• _WHAT TO WORK ON_
Starting with the line that includes "Current price: $0.0080, trading", write out every remaining line of the records below exactly as it appears, leaving out any images.

(Excerpts from a dataset)
+-------+

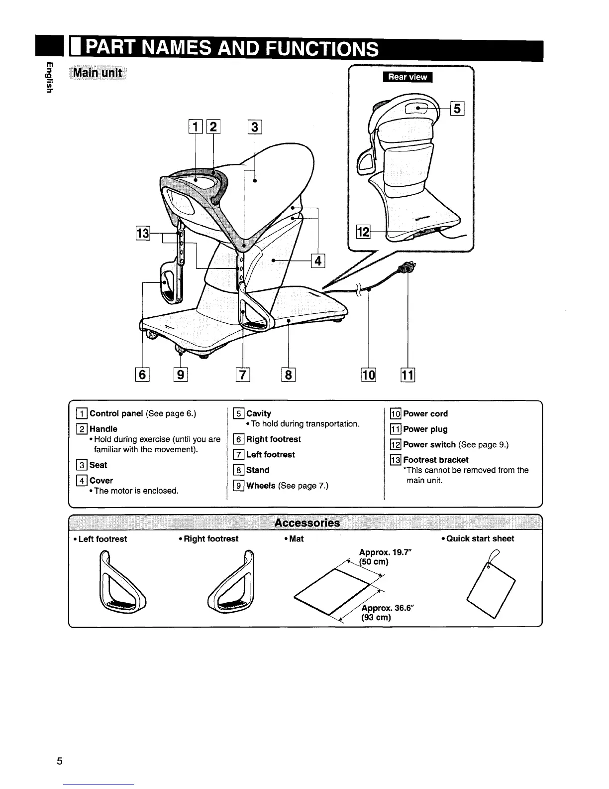 Panasonic EU7805K - Part Names and Functions; Main Unit; Accessories
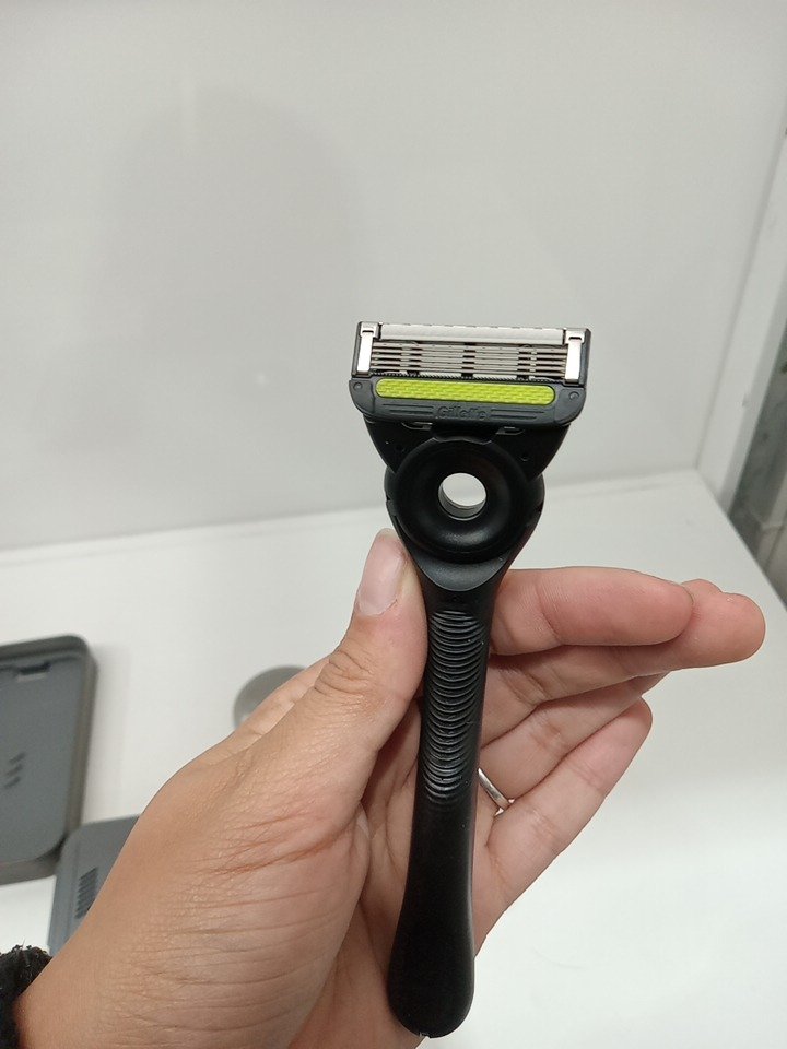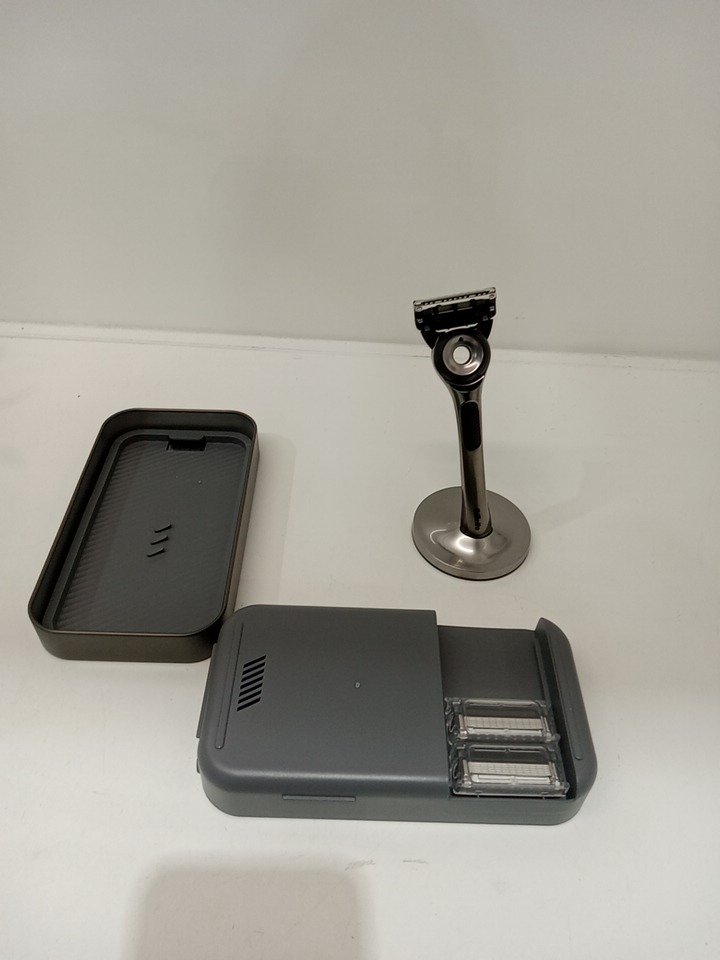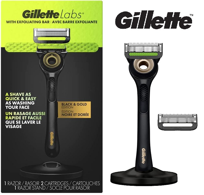 GILLETTE LABS RAZOR WITH EXFOLIATING BAR, MAGNETIC STAND AND 2 RAZOR CARTRIDGES - BLACK/GOLD EDITION
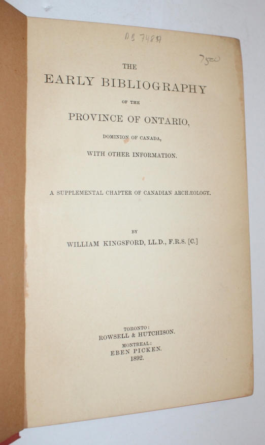 KINGSFORD, William. The Early Bibliography of the Province of Ontario, Dominion of Canada With Other Information. A Supplemental Chapter of Canadian Archaeology.
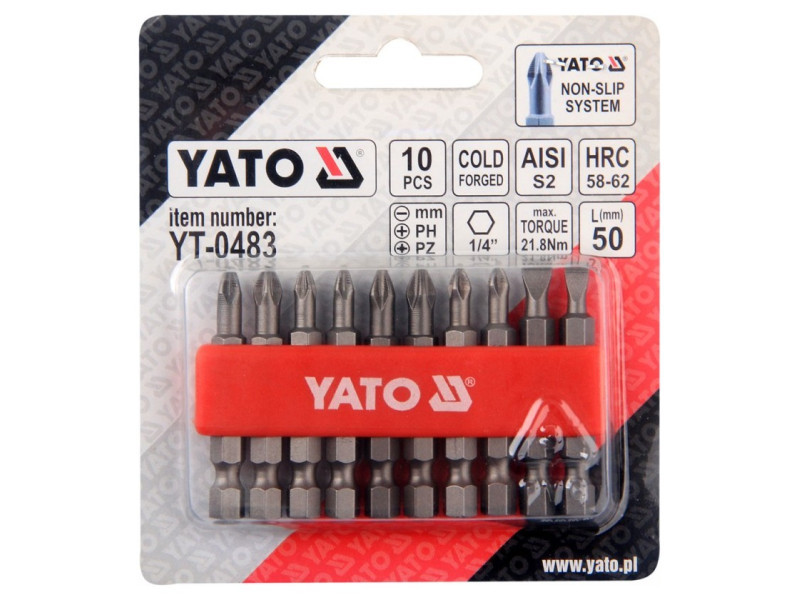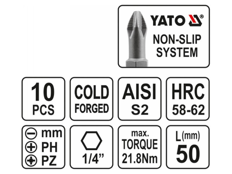 YATO Bitspitzen-Set 10 Stück 50 mm (5-6 mm-PH1-PH2-PZ1-PZ2)
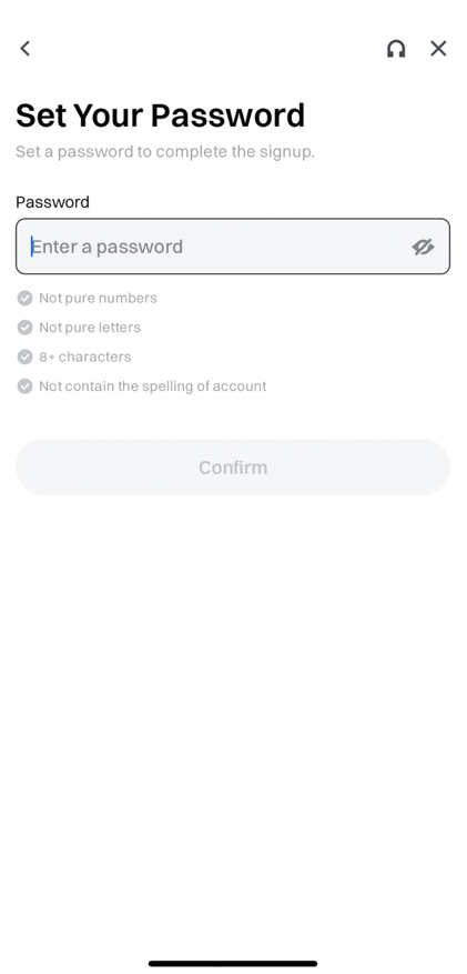 마지막으로 비밀번호를 설정하신 다음 Confirm 을 누르시면 가입이 완료됩니다
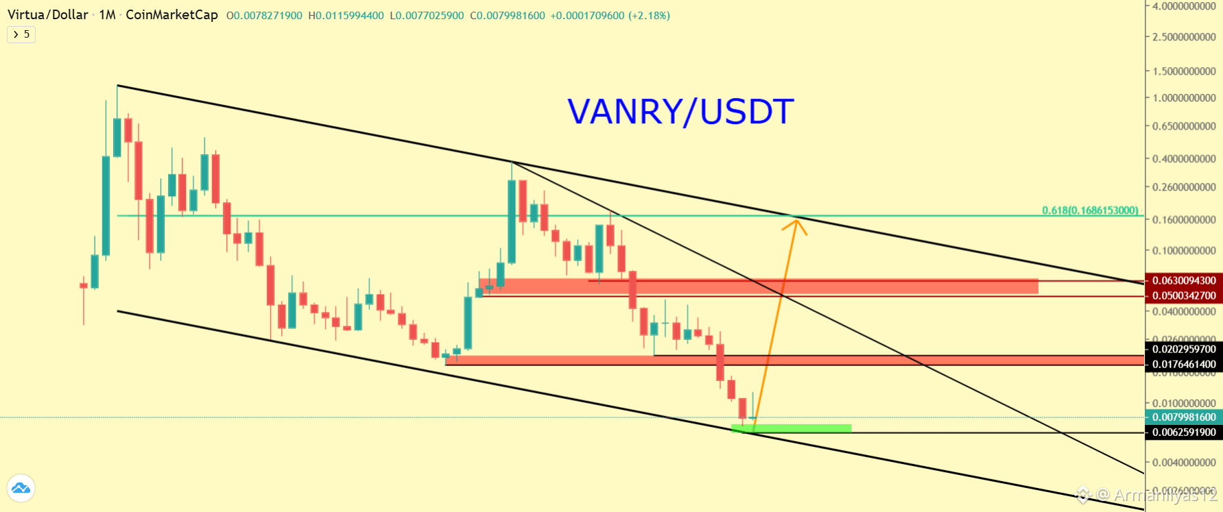 Current price: $0.0080, trading inside a descending channel with support at $0.0081.
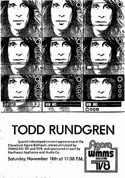 1978 print ad for Rundgren's simulcast concert at the Agora Ballroom in Cleveland
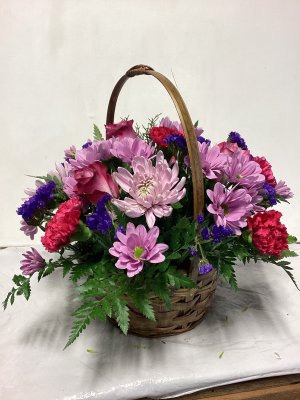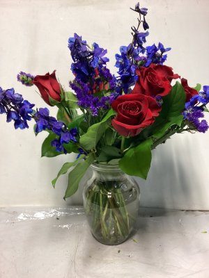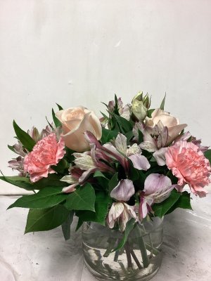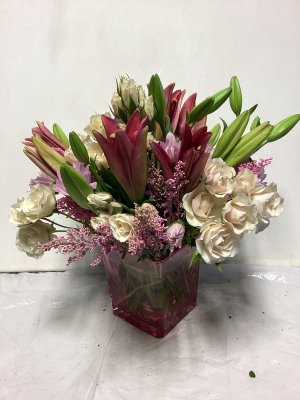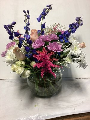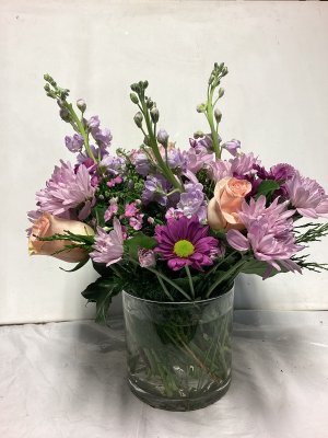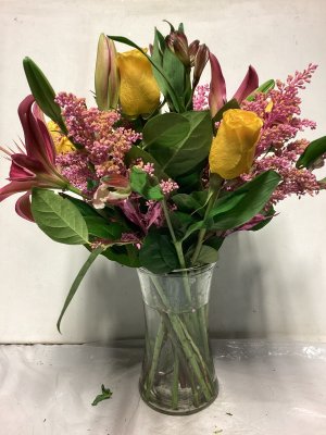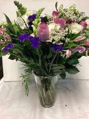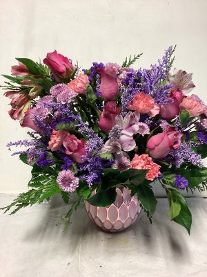 The bouquet is excellently beautiful! I love the combination of pink and lavender. The vase is lovely. The delivery was so close to my front door in below freezing weather I could not open the door w/o grabbing the flowers roughly to retrieve. The flowers in the left of photo did not survive the cold.

+-------+

• _WRITTEN SOLUTION_
 Current price: $0.0080, trading inside a descending channel with support at $0.0081.
 1978 print ad for Rundgren's simulcast concert at the Agora Ballroom in Cleveland
 The bouquet is excellently beautiful! I love the combination of pink and lavender. The vase is lovely. The delivery was so close to my front door in below freezing weather I could not open the door w/o grabbing the flowers roughly to retrieve. The flowers in the left of photo did not survive the cold.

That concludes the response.